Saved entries

◇ ◇ ◇ ◇ ◇ ◇ ◇

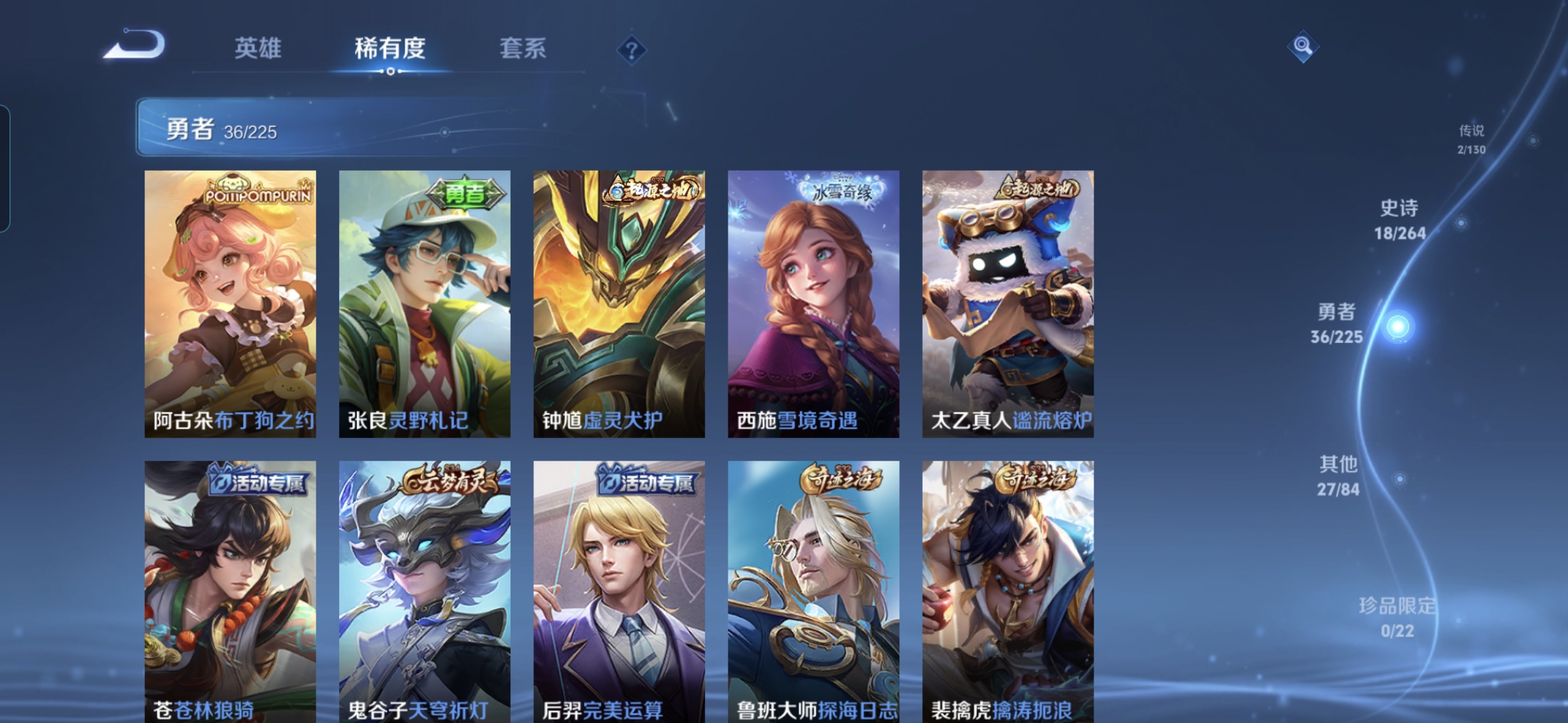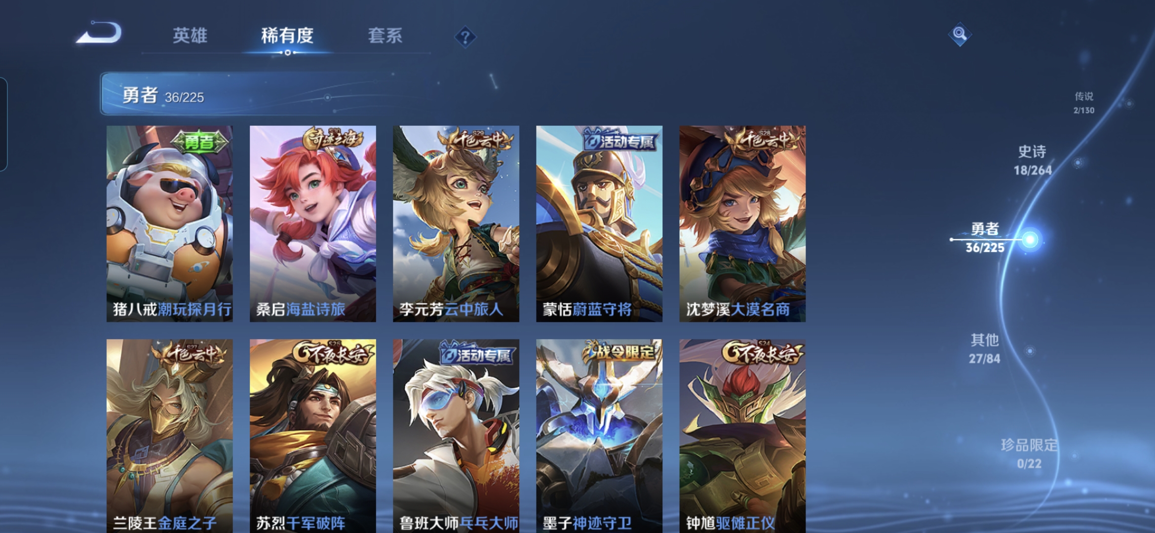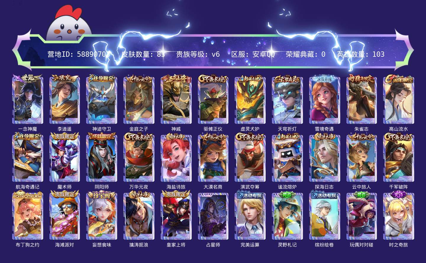 贵族等级:v6皮肤数:83生肖限定1 传说品质2 英雄数:103
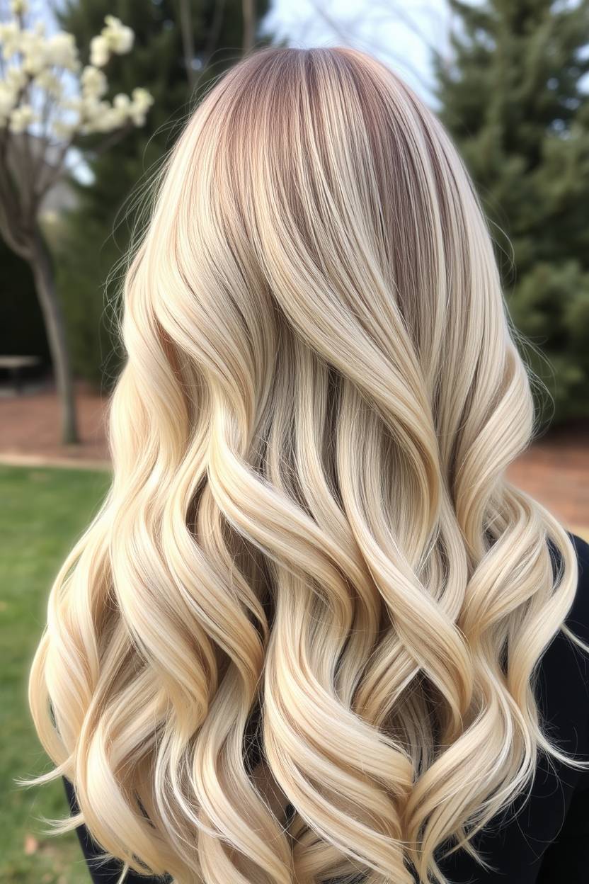 It’s very ash-toned, but the champagne gives it a softness that keeps it from being too gray. I’ve found this look really works well in colder months when you want your hair to match that frosty aesthetic. Definitely use a color-safe shampoo and avoid hard water if you want this tone to last. And hey, if you ever feel like your blonde is looking too warm, this is the perfect reset shade. Cool, calm, collected—just like your dream self.
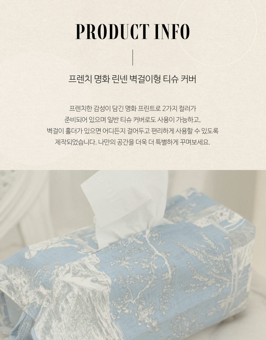 HOME > 침구,쿠션,커버류 > 쿠션 > 사각쿠션 > 프렌치 린넨 플라워 벽걸이형 티슈 커버 2color
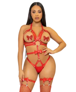Envuélvete en la sofisticación con este teddy arnés de Leg Avenue, perfecto para una noche especial o para darle un giro audaz a tu colección de lencería. Descubre la confianza y la sensualidad que te mereces. ¡Atrévete a experimentar el placer sin límites! Ideal para regalos, lencería sexy, arnés de cuero vegano, ropa erótica, o simplemente para sentirte increíblemente atractiva.
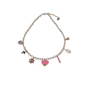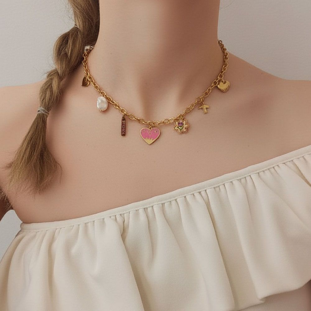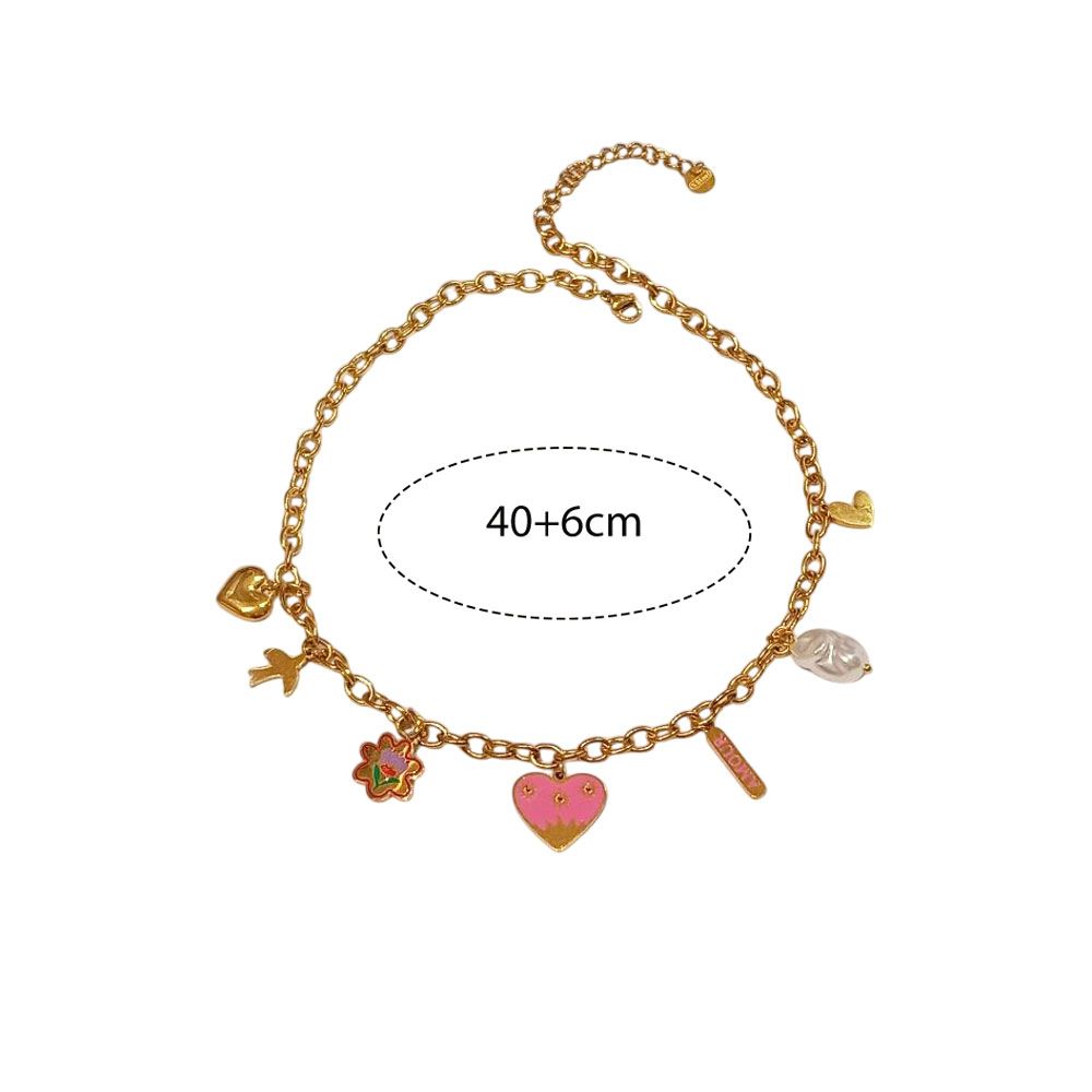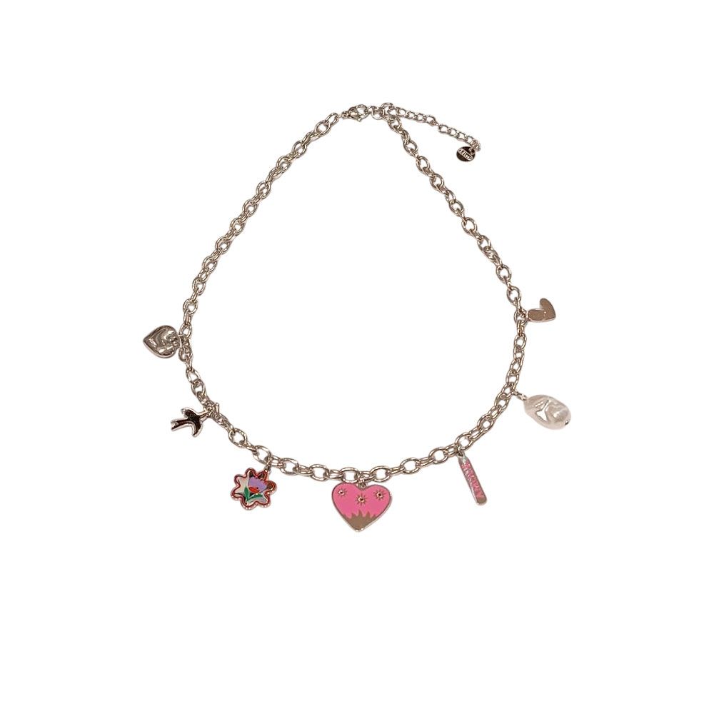Ατσάλινο κολιέ με αλυσίδα σε χρυσή ή ασημί απόχρωση και πολύχρωμα κρεμαστά διακοσμητικά: ροζ καρδιά, λουλούδι, πουλάκι, μαργαριταρένιο charm, καρδιά και μικρά μεταλλικά στοιχεία. Ένα χαρούμενο και νεανικό σχέδιο που συνδυάζει παιχνιδιάρικο στυλ και φρεσκάδα. Μήκος αλυσίδας 40+6cm για άνετη εφαρμογή.

◇ ◇ ◇ ◇ ◇ ◇ ◇

ABOUT THIS EXERCISE:
Give again, word for word, every line from the top of the data through the line with "HOME > 침구,쿠션,커버류", both ends included, and exclude the pictures.

YOUR RESPONSE:
 贵族等级:v6皮肤数:83生肖限定1 传说品质2 英雄数:103
 It’s very ash-toned, but the champagne gives it a softness that keeps it from being too gray. I’ve found this look really works well in colder months when you want your hair to match that frosty aesthetic. Definitely use a color-safe shampoo and avoid hard water if you want this tone to last. And hey, if you ever feel like your blonde is looking too warm, this is the perfect reset shade. Cool, calm, collected—just like your dream self.
 HOME > 침구,쿠션,커버류 > 쿠션 > 사각쿠션 > 프렌치 린넨 플라워 벽걸이형 티슈 커버 2color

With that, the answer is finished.